Unlike most of the Lewis B. Patten novels I’ve read, this one is based on a historical incident, the epic battle between thirty or forty buffalo hunters and hundreds of Comanche, Kiowa, and Southern Cheyenne warriors under the command of Quanah Parker at Adobe Walls in the Texas Panhandle. I think it’s a rule that every Western author has to write an Adobe Walls book sooner or later. I certainly have (STAGECOACH STATION: PANHANDLE, as by Hank Mitchum). It’s such a good, dramatic story, with the buffalo hunters, including Billy Dixon and a young Bat Masterson, standing off what should have been an overwhelming force of Indians.

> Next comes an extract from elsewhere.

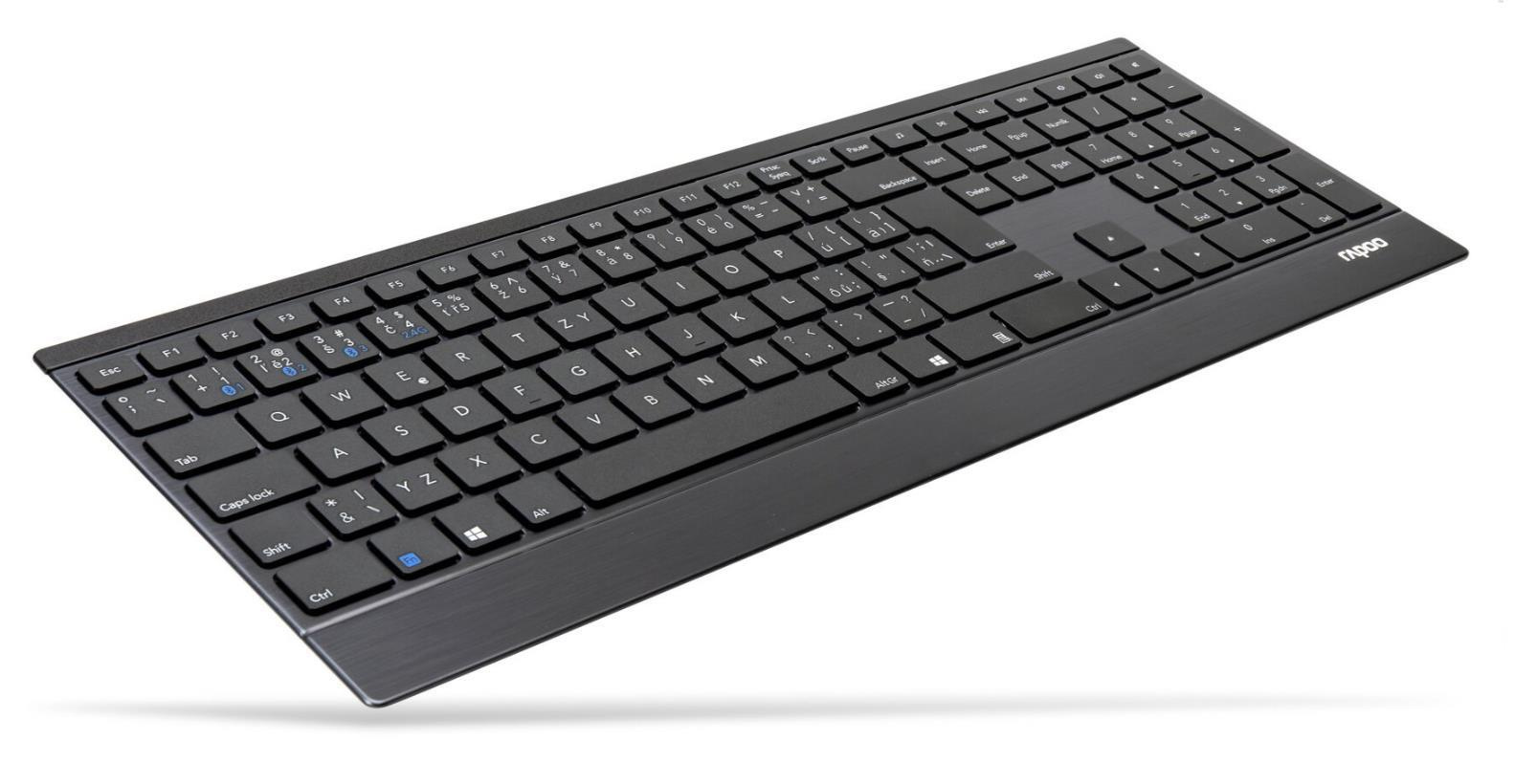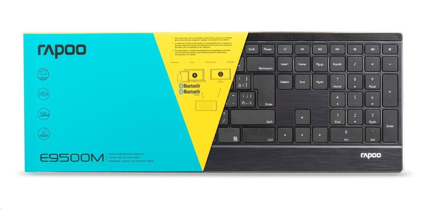 Táto ultratenká klávesnica kombinuje prémiové materiály so štýlovým dizajnom. Telo klávesnice vyrobené z nehrdzavejúcej ocele a zliatiny hliníka je nielen pevné a odolné, ale dodáva stolu aj určitý štýl. Klávesnica E9500M nie je pokročilá len dizajnom, ale aj funkčnosťou. Ponúka technológiu viacrežimového pripojenia Rapoo - prostredníctvom spoľahlivého 2,4 GHz bezdrôtového vysielača, Bluetooth 3.0 a 4.1 - umožňuje súčasné pripojenie a prepínanie viacerých zariadení (s automatickým párovaním). Okrem toho technológia úspory energie od spoločnosti Rapoo zaručuje životnosť batérie až 12 mesiacov, čím sa minimalizuje potreba jej výmeny.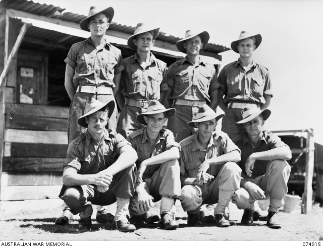 Personnel of No 28 Battery, 2/14th Field Regiment. Identified personnel are: (back row, left to right) SX9139 Gunner (Gnr) G F Smith, VX63107 Gnr L J Brooks, VX32878 Gnr J F Rossack, VX58674 Gnr A Cowlishaw; (front row, left to right) SX11804 Gnr B A Kerber, SX13423 Gnr S B Shegog, SX11316 Gnr G G Chapman, VX50433 Gnr D B Bell.

In this novel, Patten creates a few fictional characters and gives them reasons to be at Adobe Walls when the attack takes place. Would-be buffalo hunter Jess Burdett rescues beautiful Edith Clinger from her abusive husband, who of course follows them to Adobe Walls bent on reclaiming his wife and having his revenge on Burdett. For some reason, a lot of Patten’s heroes wind up in love with other men’s wives, and that’s the case here. He usually has some sort of violent death conveniently befall the husband, freeing the woman to wind up with the hero, but the resolution isn’t quite so neat in this book.
As always with Patten’s work, there’s a good deal of moral ambiguity, plenty of terse prose, and some hard-nosed action scenes in THE HIDE HUNTERS. He gets the history right and does a fine job of portraying the battle itself, so the reader winds up with a very good blend of fact and fiction. I enjoyed this one enough that I’m tempted to read his Custer book, THE RED SABBATH, another historically-based novel.
Think Big
2 hours ago
4 comments:
Love that cover.
Great review, James. Thanks. I'm currently reading Dudley Dean's Deuce Diamond (from your previous review blog). I believe I've read The Red Sabbath by Lewis Patten. The Custer stand-off sure rings a bell. I think LP tells a lot of it through Reno's perspective.
Ed Lynskey
Patten similarly calls on Indian wars history (Battle of Arickaree) in Red Runs the River, and again includes historical figures, e.g. Colonel Forsyth and Lieutenant Beecher. As I remember it, that book was very "military" and might have been improved by a typical Patten sub-plot of a character with an interest in another man's wife!
Didn't know about this Patten novel, nor that he had actually written some historically based stories. Good to know.